The records below must be transcribed exactly, with each picture left out.

───── Listed records ─────

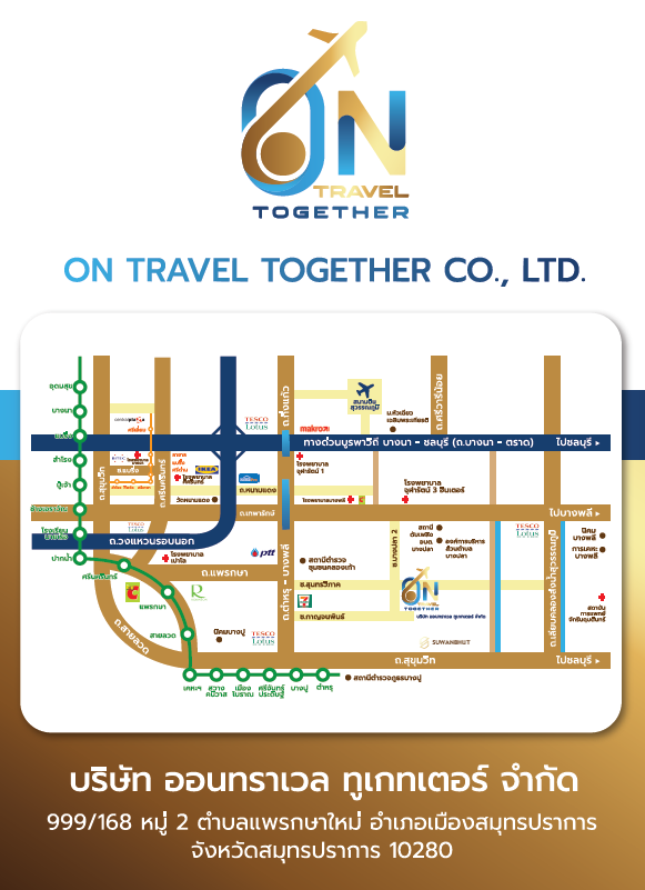 บริษัท ออนทราเวล ทูเกทเตอร์ จำกัด 99/168 ตำบลแพรกษา อำเภอเมืองสมุทรปราการ จังหวัดสมุทรปราการ 10280 ประเทศไทย
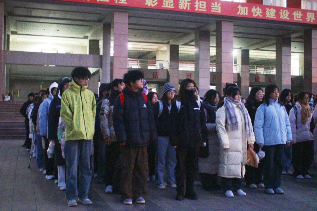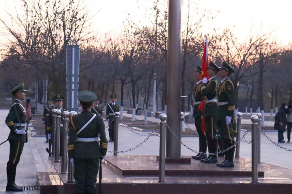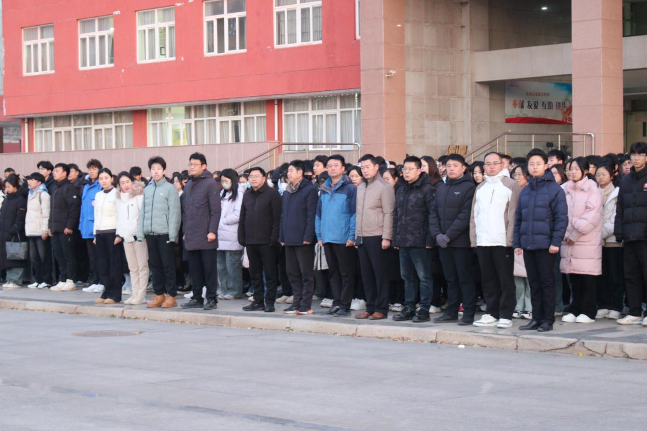 在主持人庄重的宣告下,升旗仪式正式拉开帷幕,国旗护卫队迈着整齐有力的步伐,护送国旗走向升旗台。伴随着庄严的国歌声,五星红旗缓缓升起,全体师生庄严肃立,行注目礼。随后,国旗护卫队队长李维松发言,他鼓励同学们要以“一二·九”运动中的革命先烈为榜样,将他们的爱国精神内化于心、外化于行,做新时代的见证者和参与者,积极为国家建设做贡献。同时,他向全体国旗护卫队队员发出号召,要求他们以更饱满的热情和更坚定的信念履行职责,让五星红旗永远飘扬于蓝天之下。最后,李维松公布第23届国旗护卫队队员名单,并带领全体队员在国旗下宣誓,进一步激发同学们内心的爱国热忱,加深同学们对爱国主义精神的深刻认知。
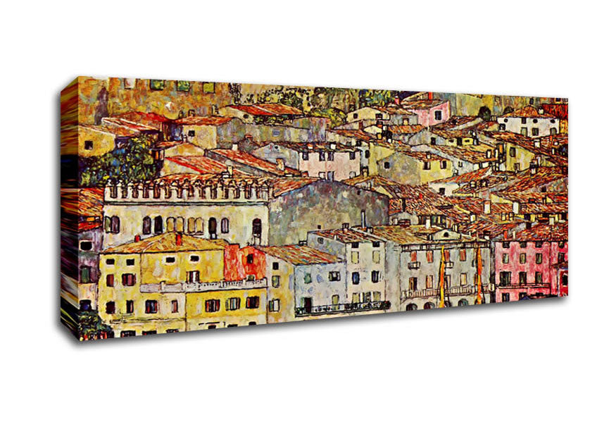 Klimt Malcena At The Gardasee Panoramic Canvas Print handmade in the UK. Stretched over a 2 inch thick wooden box frame, ready to hang on your wall.
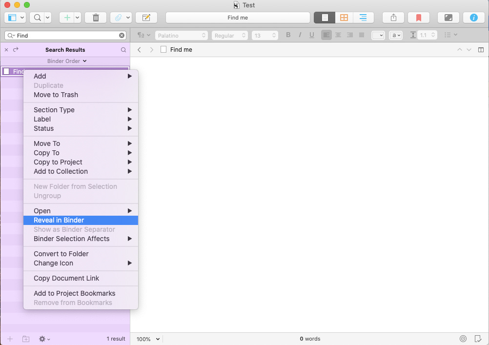 Say that using the search options above, you finally manage to locate a particular document in the results list but don’t know where in your binder it lives. Simply right-click the file name and select “reveal in binder” and voila — you (ahem, I) can finally figure out where you stuck the dang thing. (Thanks to the Scrivener experts in Science Binders for that tip!)
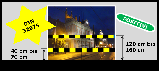Der Kontrast für die Sicherheitsstreifen soll 0,7 (stark kontrastierend) betragen.
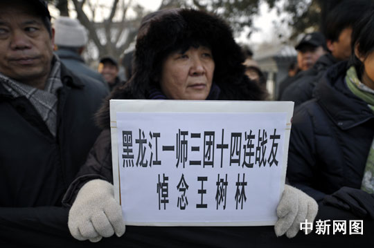 图为北京各界民众自发在八宝山革命烈士灵园门口等待送别中国维和英烈。中新网记者 金硕 摄
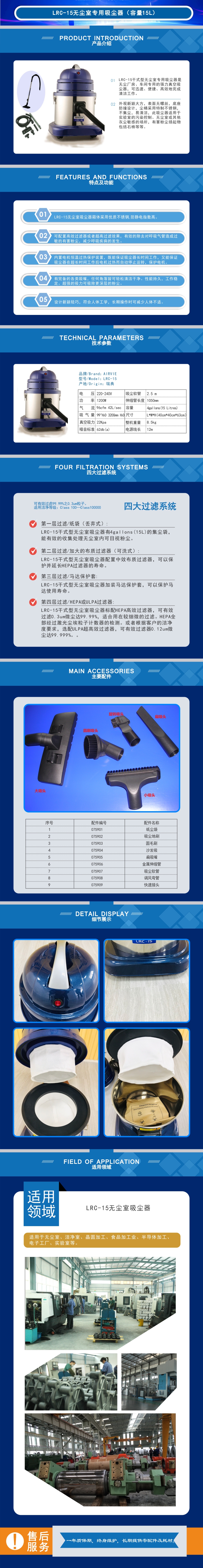 LRC-15幹式型無塵室吸塵器有4gallons(15L)的集塵(chén)袋,能收集處理無塵室內可目視粉塵。
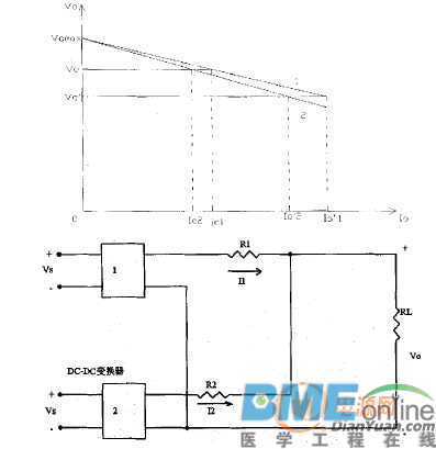 目前,将多个模块电源通过并联的方式进行均流输出,已经成为了很多生产商在进行新产品研发时的选择。这种并联均流输出的方式能够充分保障电源电池的工作稳定性,在某一个电源模块出现故障时,其他模块还可以正常运行,能够为工程师提供充足的维修检测时间。本文将会就电源模块并联的方法之一,输出阻抗法,进行简要介绍,帮助工程师快速掌握其原理。 在日常的工作中,电源模块的输出阻抗并联输出法也被称作电压调节率法,这种方法是通过调节开关变换器的外特性即调节输出阻抗达到并联模块接近均流的目的。下图中,图1为一个开关变换器的外特性,Vo=f(Io)。在该外特性中,我们可以看到R为开关变换器的输出阻抗,其中也包括这个开关变换器模块连接到负载的导线电阻。空载时模块输出电压为Vomax。由此可见,当电流变化量为△I时,负载变化量为△V,因此AV/△I=R,R为该模块的输出阻抗。△V/△I同时也代表开关变换器的输出电压调整率。 图1 开关变换器外特性Vo=f(Io) 在正常工作的前提下,该开关变换器的负载电压与负载电流的关系可通过公式表示为Vo=VomaxRio。若将两台具有相同容量、相同参数的开关变换器相互并联,则有:Vol=VomaxR1Iol,V02=VomaxR210。R1、R2分别为模块l及模块2的输出阻抗。设负载电阻为RL,则有Io1=[R2Vol+(volv02)RE]/Rx,Io2=[R1V02+(VolV02)RL]/R,式中Rx=R1R2+(R1+R2)RL。 图2并联变换器及其外特性 那么,如果将两台单独的开关变换器进行并联,其特性又会出现哪些变化?我们可以通过一个实验进行说明。将两台开关变换器相互并联后,其外特性如下图中图2所示。依据公式我们可以计算得出,当负载电流为IL=IOl+102时,负载电压为vo,按两个模块的负载调整率分配负载电流IL,斜率不相等,电流分配也不相等。当负载电流增大至IL'=10l’+102’时,负载电压为V0’。由此可见,模块1外特性斜率小,分配电流的增长量比外特性斜率大的模块2增长量更大。如果能设法将模块1的外特性斜率调熬到接近模块2,则可使这两个模块的电流分配接近均匀。 图3典型输出阻抗调节法电路原理图 在了解了并联变换器及其外特性知识后,我们就可以采用输出阻抗调节法进行并联输出调节了。图3是一种典型输出阻抗调节法实现并联模块近似均流的电路原理图,我们可以看到,图3中Rs模块电流的检测电阻,电流信号经过电流放大器输出V1(O5V电压),与模块输出的反馈电压vf综合加到电压放大器的输入端。综合信号电压与基准电压Vr比较后,其误差经过放大得到Ve,控制调节器及驱动器,用以实现自动调节模块的输出电压。当某个模块的电流增加量大时,vs上升且ve下降,使得该模块的输出电压下降,即外特性向下倾斜,接近其他模块的外特性,其他模块的电流增大,实现近似均流。 总结 输出阻抗法在实际工作过程中,是最容易实现多个模块电源均流输出的方法,这种方法的本质是采用开环控制,因此在小电流时很容易造成电流分配特性差、重载时不均衡等问题。在工作过程中,遇到电压调整率要求较高(等于或小于3%)的情况时,一般不宜采用该方法进行多个电源模块并联。

─────

» Exercise response:
 บริษัท ออนทราเวล ทูเกทเตอร์ จำกัด 99/168 ตำบลแพรกษา อำเภอเมืองสมุทรปราการ จังหวัดสมุทรปราการ 10280 ประเทศไทย
 在主持人庄重的宣告下,升旗仪式正式拉开帷幕,国旗护卫队迈着整齐有力的步伐,护送国旗走向升旗台。伴随着庄严的国歌声,五星红旗缓缓升起,全体师生庄严肃立,行注目礼。随后,国旗护卫队队长李维松发言,他鼓励同学们要以“一二·九”运动中的革命先烈为榜样,将他们的爱国精神内化于心、外化于行,做新时代的见证者和参与者,积极为国家建设做贡献。同时,他向全体国旗护卫队队员发出号召,要求他们以更饱满的热情和更坚定的信念履行职责,让五星红旗永远飘扬于蓝天之下。最后,李维松公布第23届国旗护卫队队员名单,并带领全体队员在国旗下宣誓,进一步激发同学们内心的爱国热忱,加深同学们对爱国主义精神的深刻认知。
 Klimt Malcena At The Gardasee Panoramic Canvas Print handmade in the UK. Stretched over a 2 inch thick wooden box frame, ready to hang on your wall.
 Say that using the search options above, you finally manage to locate a particular document in the results list but don’t know where in your binder it lives. Simply right-click the file name and select “reveal in binder” and voila — you (ahem, I) can finally figure out where you stuck the dang thing. (Thanks to the Scrivener experts in Science Binders for that tip!)
Der Kontrast für die Sicherheitsstreifen soll 0,7 (stark kontrastierend) betragen.
 图为北京各界民众自发在八宝山革命烈士灵园门口等待送别中国维和英烈。中新网记者 金硕 摄
 LRC-15幹式型無塵室吸塵器有4gallons(15L)的集塵(chén)袋,能收集處理無塵室內可目視粉塵。
 目前,将多个模块电源通过并联的方式进行均流输出,已经成为了很多生产商在进行新产品研发时的选择。这种并联均流输出的方式能够充分保障电源电池的工作稳定性,在某一个电源模块出现故障时,其他模块还可以正常运行,能够为工程师提供充足的维修检测时间。本文将会就电源模块并联的方法之一,输出阻抗法,进行简要介绍,帮助工程师快速掌握其原理。 在日常的工作中,电源模块的输出阻抗并联输出法也被称作电压调节率法,这种方法是通过调节开关变换器的外特性即调节输出阻抗达到并联模块接近均流的目的。下图中,图1为一个开关变换器的外特性,Vo=f(Io)。在该外特性中,我们可以看到R为开关变换器的输出阻抗,其中也包括这个开关变换器模块连接到负载的导线电阻。空载时模块输出电压为Vomax。由此可见,当电流变化量为△I时,负载变化量为△V,因此AV/△I=R,R为该模块的输出阻抗。△V/△I同时也代表开关变换器的输出电压调整率。 图1 开关变换器外特性Vo=f(Io) 在正常工作的前提下,该开关变换器的负载电压与负载电流的关系可通过公式表示为Vo=VomaxRio。若将两台具有相同容量、相同参数的开关变换器相互并联,则有:Vol=VomaxR1Iol,V02=VomaxR210。R1、R2分别为模块l及模块2的输出阻抗。设负载电阻为RL,则有Io1=[R2Vol+(volv02)RE]/Rx,Io2=[R1V02+(VolV02)RL]/R,式中Rx=R1R2+(R1+R2)RL。 图2并联变换器及其外特性 那么,如果将两台单独的开关变换器进行并联,其特性又会出现哪些变化?我们可以通过一个实验进行说明。将两台开关变换器相互并联后,其外特性如下图中图2所示。依据公式我们可以计算得出,当负载电流为IL=IOl+102时,负载电压为vo,按两个模块的负载调整率分配负载电流IL,斜率不相等,电流分配也不相等。当负载电流增大至IL'=10l’+102’时,负载电压为V0’。由此可见,模块1外特性斜率小,分配电流的增长量比外特性斜率大的模块2增长量更大。如果能设法将模块1的外特性斜率调熬到接近模块2,则可使这两个模块的电流分配接近均匀。 图3典型输出阻抗调节法电路原理图 在了解了并联变换器及其外特性知识后,我们就可以采用输出阻抗调节法进行并联输出调节了。图3是一种典型输出阻抗调节法实现并联模块近似均流的电路原理图,我们可以看到,图3中Rs模块电流的检测电阻,电流信号经过电流放大器输出V1(O5V电压),与模块输出的反馈电压vf综合加到电压放大器的输入端。综合信号电压与基准电压Vr比较后,其误差经过放大得到Ve,控制调节器及驱动器,用以实现自动调节模块的输出电压。当某个模块的电流增加量大时,vs上升且ve下降,使得该模块的输出电压下降,即外特性向下倾斜,接近其他模块的外特性,其他模块的电流增大,实现近似均流。 总结 输出阻抗法在实际工作过程中,是最容易实现多个模块电源均流输出的方法,这种方法的本质是采用开环控制,因此在小电流时很容易造成电流分配特性差、重载时不均衡等问题。在工作过程中,遇到电压调整率要求较高(等于或小于3%)的情况时,一般不宜采用该方法进行多个电源模块并联。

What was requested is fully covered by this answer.